### [ASSIGNMENT]
In the listing below, find the line with "Static caravan Located" and copy every line from there up to and including the line with "A 42-year-old woman", exactly and without pictures.

### [RECORDED INFORMATION]
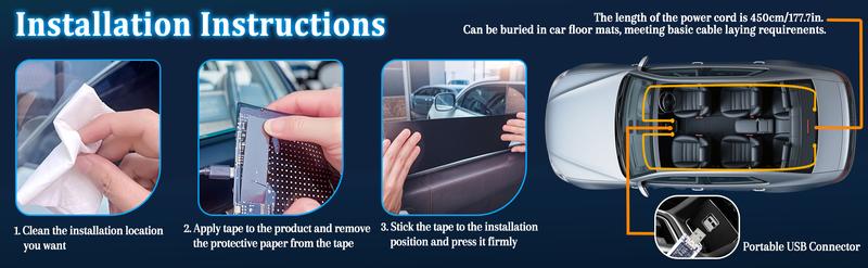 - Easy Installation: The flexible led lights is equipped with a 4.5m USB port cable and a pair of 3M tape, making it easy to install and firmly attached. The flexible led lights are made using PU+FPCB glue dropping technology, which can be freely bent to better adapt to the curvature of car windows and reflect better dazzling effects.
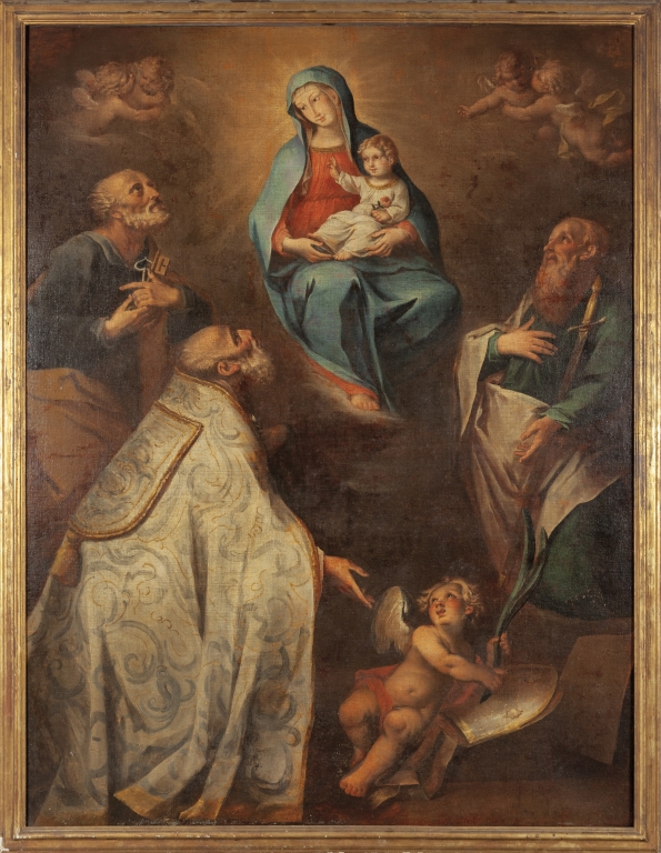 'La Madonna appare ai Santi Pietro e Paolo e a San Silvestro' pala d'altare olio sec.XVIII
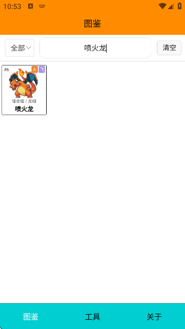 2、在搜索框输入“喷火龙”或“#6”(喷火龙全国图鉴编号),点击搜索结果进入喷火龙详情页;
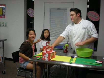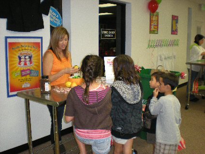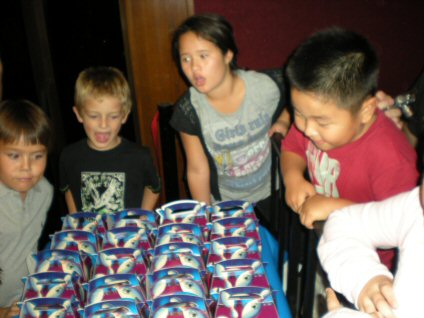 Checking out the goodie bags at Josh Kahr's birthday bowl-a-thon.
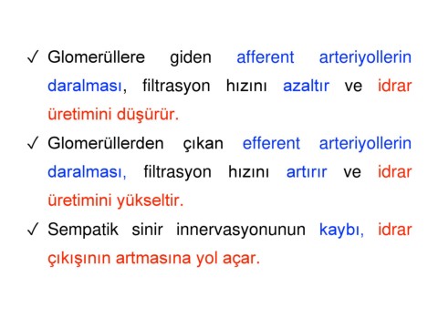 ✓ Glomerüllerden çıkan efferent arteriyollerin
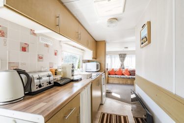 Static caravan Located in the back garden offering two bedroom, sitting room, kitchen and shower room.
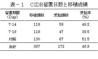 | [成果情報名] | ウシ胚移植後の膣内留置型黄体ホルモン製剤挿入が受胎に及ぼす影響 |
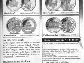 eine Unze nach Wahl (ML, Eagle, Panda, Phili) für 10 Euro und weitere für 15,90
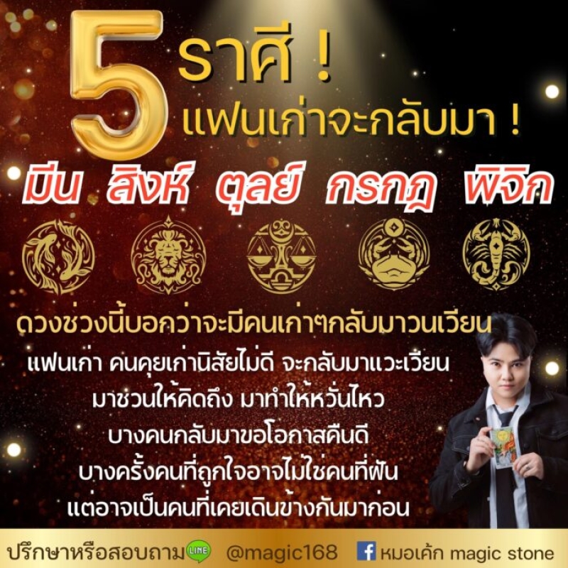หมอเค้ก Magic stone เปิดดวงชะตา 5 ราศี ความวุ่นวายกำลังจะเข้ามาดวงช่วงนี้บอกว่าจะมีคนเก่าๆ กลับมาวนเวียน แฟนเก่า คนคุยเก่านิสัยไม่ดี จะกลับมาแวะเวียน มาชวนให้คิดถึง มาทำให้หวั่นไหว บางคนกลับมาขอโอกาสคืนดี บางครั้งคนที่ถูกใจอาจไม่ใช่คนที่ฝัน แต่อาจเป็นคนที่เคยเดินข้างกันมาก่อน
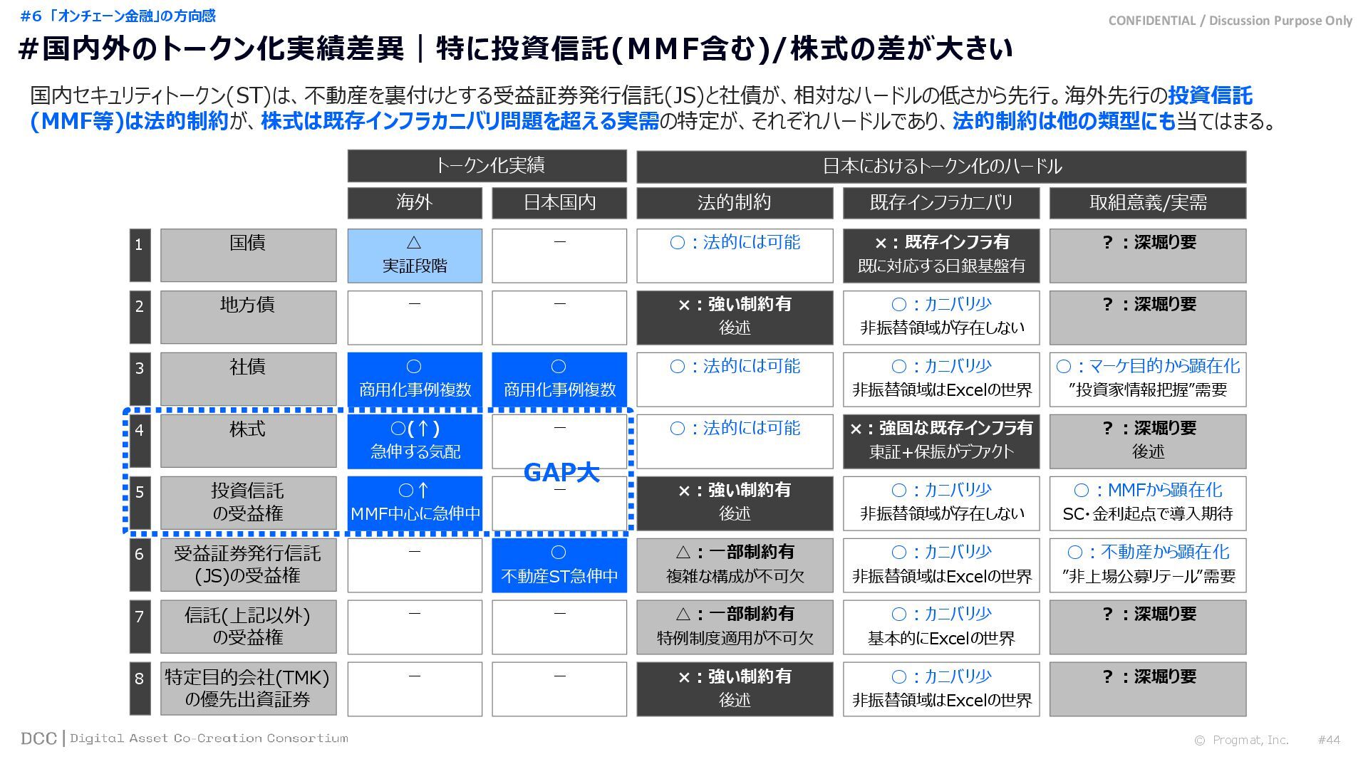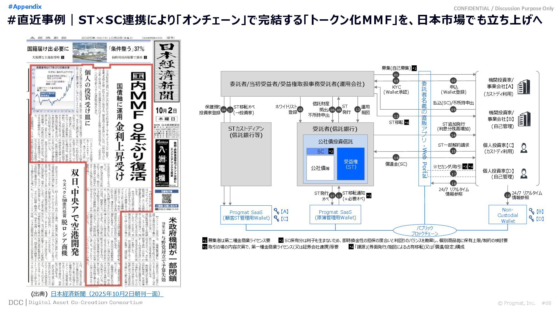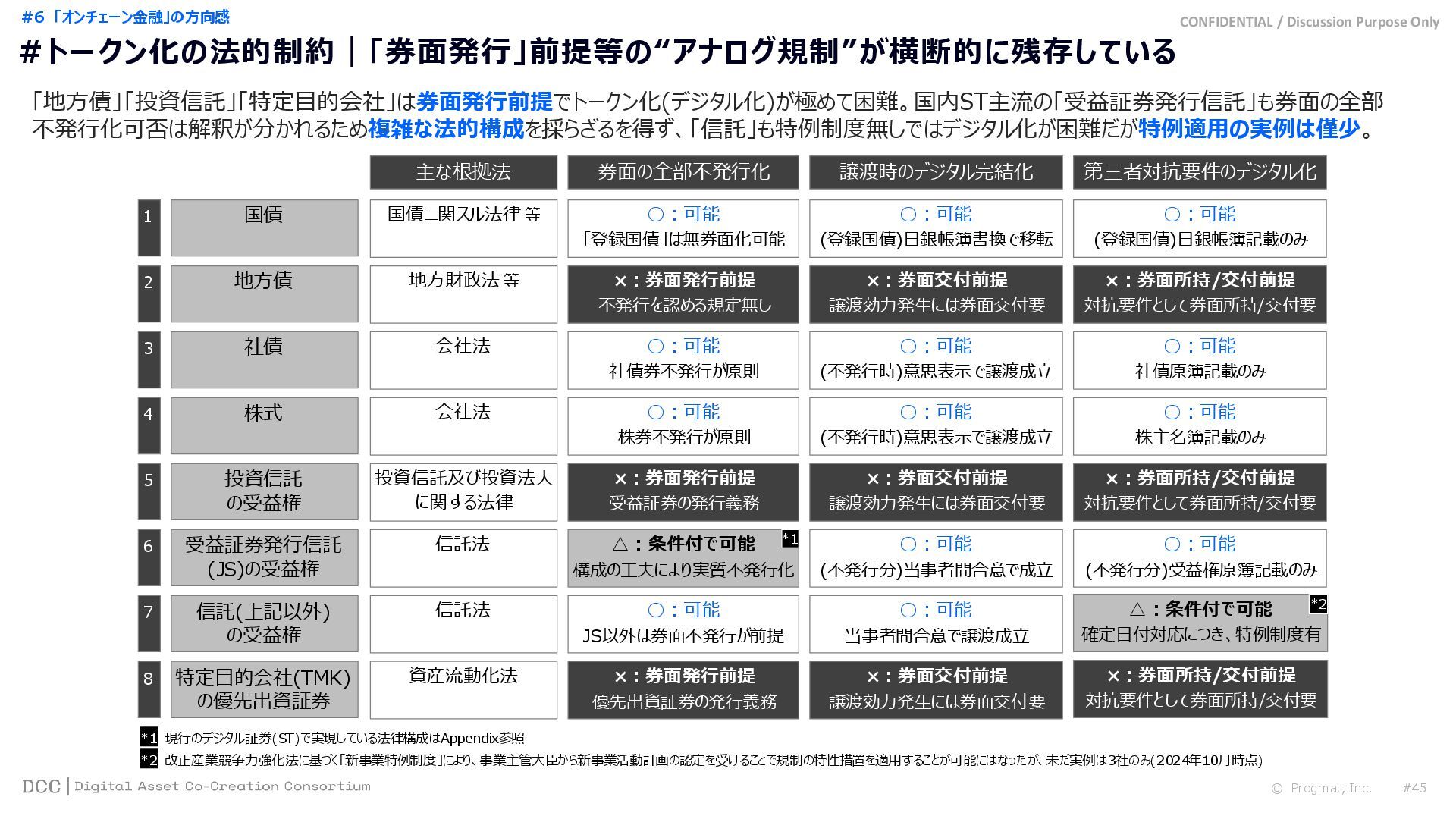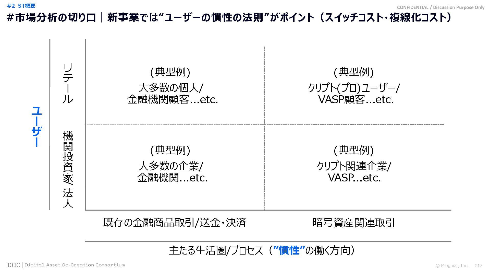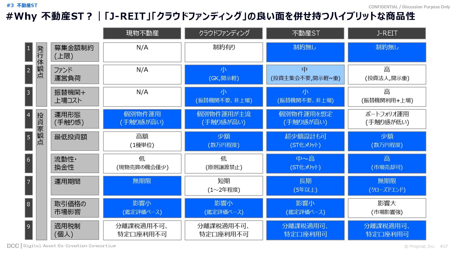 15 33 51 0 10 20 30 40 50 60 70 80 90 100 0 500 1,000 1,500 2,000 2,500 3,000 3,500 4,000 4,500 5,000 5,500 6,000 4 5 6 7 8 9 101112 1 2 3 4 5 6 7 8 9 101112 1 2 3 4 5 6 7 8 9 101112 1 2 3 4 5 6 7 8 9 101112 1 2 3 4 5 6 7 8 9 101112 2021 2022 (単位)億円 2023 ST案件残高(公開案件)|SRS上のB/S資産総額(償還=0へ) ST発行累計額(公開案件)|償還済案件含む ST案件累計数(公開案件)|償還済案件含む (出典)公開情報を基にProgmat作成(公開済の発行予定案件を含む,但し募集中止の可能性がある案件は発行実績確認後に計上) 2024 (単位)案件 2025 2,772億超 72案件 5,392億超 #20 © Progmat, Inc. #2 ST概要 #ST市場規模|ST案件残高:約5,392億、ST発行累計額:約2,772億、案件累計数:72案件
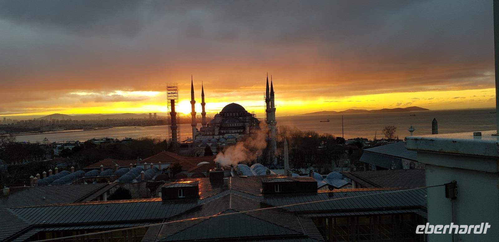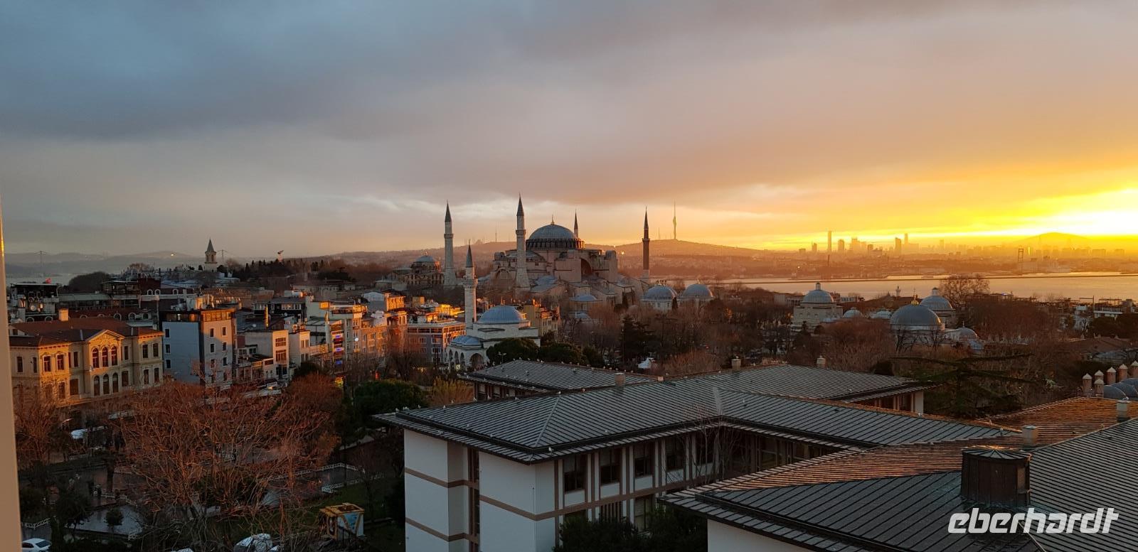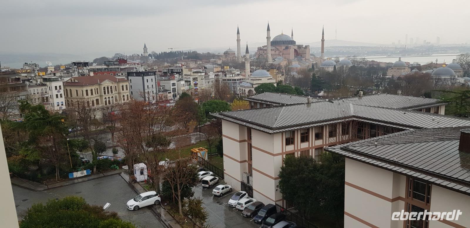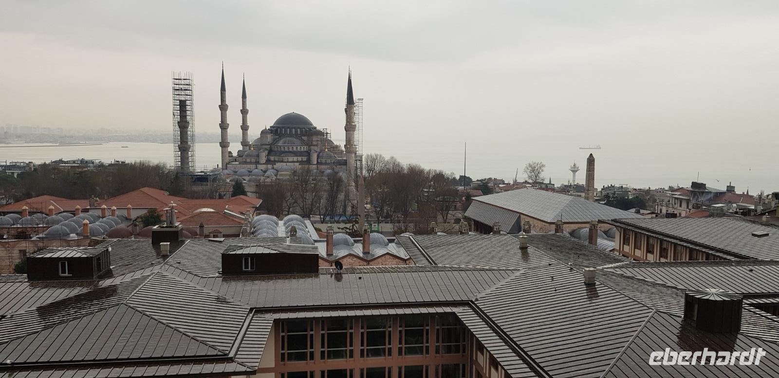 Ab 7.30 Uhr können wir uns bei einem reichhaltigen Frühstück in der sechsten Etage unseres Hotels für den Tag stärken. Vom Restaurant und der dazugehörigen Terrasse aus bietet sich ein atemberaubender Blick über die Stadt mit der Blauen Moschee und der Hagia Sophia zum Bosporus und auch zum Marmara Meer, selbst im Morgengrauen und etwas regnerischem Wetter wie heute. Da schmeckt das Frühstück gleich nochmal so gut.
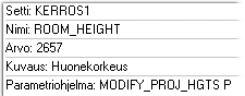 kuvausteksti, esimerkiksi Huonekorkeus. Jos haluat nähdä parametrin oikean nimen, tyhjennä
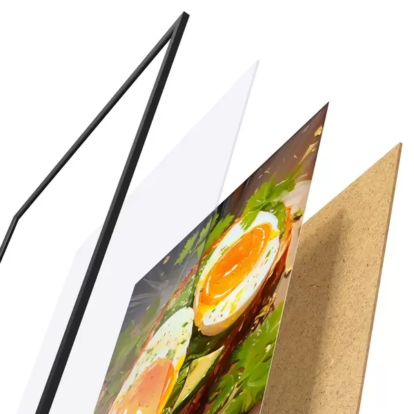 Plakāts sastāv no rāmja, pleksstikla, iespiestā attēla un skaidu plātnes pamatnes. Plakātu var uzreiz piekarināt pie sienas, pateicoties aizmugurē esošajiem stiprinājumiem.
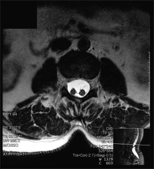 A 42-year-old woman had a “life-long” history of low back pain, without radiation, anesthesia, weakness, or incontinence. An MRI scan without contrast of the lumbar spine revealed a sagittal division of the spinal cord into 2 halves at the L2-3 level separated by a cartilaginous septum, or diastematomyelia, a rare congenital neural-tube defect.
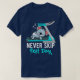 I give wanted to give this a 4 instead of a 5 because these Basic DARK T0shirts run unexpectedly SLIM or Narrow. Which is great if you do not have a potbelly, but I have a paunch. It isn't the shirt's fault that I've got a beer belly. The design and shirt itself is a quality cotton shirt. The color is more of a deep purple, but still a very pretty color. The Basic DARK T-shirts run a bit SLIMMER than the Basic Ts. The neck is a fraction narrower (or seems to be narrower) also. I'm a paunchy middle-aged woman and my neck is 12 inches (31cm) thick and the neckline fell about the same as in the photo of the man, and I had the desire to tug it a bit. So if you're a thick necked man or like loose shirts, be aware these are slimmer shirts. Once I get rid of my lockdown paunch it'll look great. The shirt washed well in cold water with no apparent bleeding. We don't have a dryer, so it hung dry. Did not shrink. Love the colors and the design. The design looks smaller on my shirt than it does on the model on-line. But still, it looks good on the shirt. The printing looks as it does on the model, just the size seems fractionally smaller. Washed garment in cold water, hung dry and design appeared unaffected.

### [EXERCISE ANSWER]
 Static caravan Located in the back garden offering two bedroom, sitting room, kitchen and shower room.
 | [成果情報名] | ウシ胚移植後の膣内留置型黄体ホルモン製剤挿入が受胎に及ぼす影響 |
 eine Unze nach Wahl (ML, Eagle, Panda, Phili) für 10 Euro und weitere für 15,90
หมอเค้ก Magic stone เปิดดวงชะตา 5 ราศี ความวุ่นวายกำลังจะเข้ามาดวงช่วงนี้บอกว่าจะมีคนเก่าๆ กลับมาวนเวียน แฟนเก่า คนคุยเก่านิสัยไม่ดี จะกลับมาแวะเวียน มาชวนให้คิดถึง มาทำให้หวั่นไหว บางคนกลับมาขอโอกาสคืนดี บางครั้งคนที่ถูกใจอาจไม่ใช่คนที่ฝัน แต่อาจเป็นคนที่เคยเดินข้างกันมาก่อน
 15 33 51 0 10 20 30 40 50 60 70 80 90 100 0 500 1,000 1,500 2,000 2,500 3,000 3,500 4,000 4,500 5,000 5,500 6,000 4 5 6 7 8 9 101112 1 2 3 4 5 6 7 8 9 101112 1 2 3 4 5 6 7 8 9 101112 1 2 3 4 5 6 7 8 9 101112 1 2 3 4 5 6 7 8 9 101112 2021 2022 (単位)億円 2023 ST案件残高(公開案件)|SRS上のB/S資産総額(償還=0へ) ST発行累計額(公開案件)|償還済案件含む ST案件累計数(公開案件)|償還済案件含む (出典)公開情報を基にProgmat作成(公開済の発行予定案件を含む,但し募集中止の可能性がある案件は発行実績確認後に計上) 2024 (単位)案件 2025 2,772億超 72案件 5,392億超 #20 © Progmat, Inc. #2 ST概要 #ST市場規模|ST案件残高:約5,392億、ST発行累計額:約2,772億、案件累計数:72案件
 Ab 7.30 Uhr können wir uns bei einem reichhaltigen Frühstück in der sechsten Etage unseres Hotels für den Tag stärken. Vom Restaurant und der dazugehörigen Terrasse aus bietet sich ein atemberaubender Blick über die Stadt mit der Blauen Moschee und der Hagia Sophia zum Bosporus und auch zum Marmara Meer, selbst im Morgengrauen und etwas regnerischem Wetter wie heute. Da schmeckt das Frühstück gleich nochmal so gut.
 kuvausteksti, esimerkiksi Huonekorkeus. Jos haluat nähdä parametrin oikean nimen, tyhjennä
 Plakāts sastāv no rāmja, pleksstikla, iespiestā attēla un skaidu plātnes pamatnes. Plakātu var uzreiz piekarināt pie sienas, pateicoties aizmugurē esošajiem stiprinājumiem.
 A 42-year-old woman had a “life-long” history of low back pain, without radiation, anesthesia, weakness, or incontinence. An MRI scan without contrast of the lumbar spine revealed a sagittal division of the spinal cord into 2 halves at the L2-3 level separated by a cartilaginous septum, or diastematomyelia, a rare congenital neural-tube defect.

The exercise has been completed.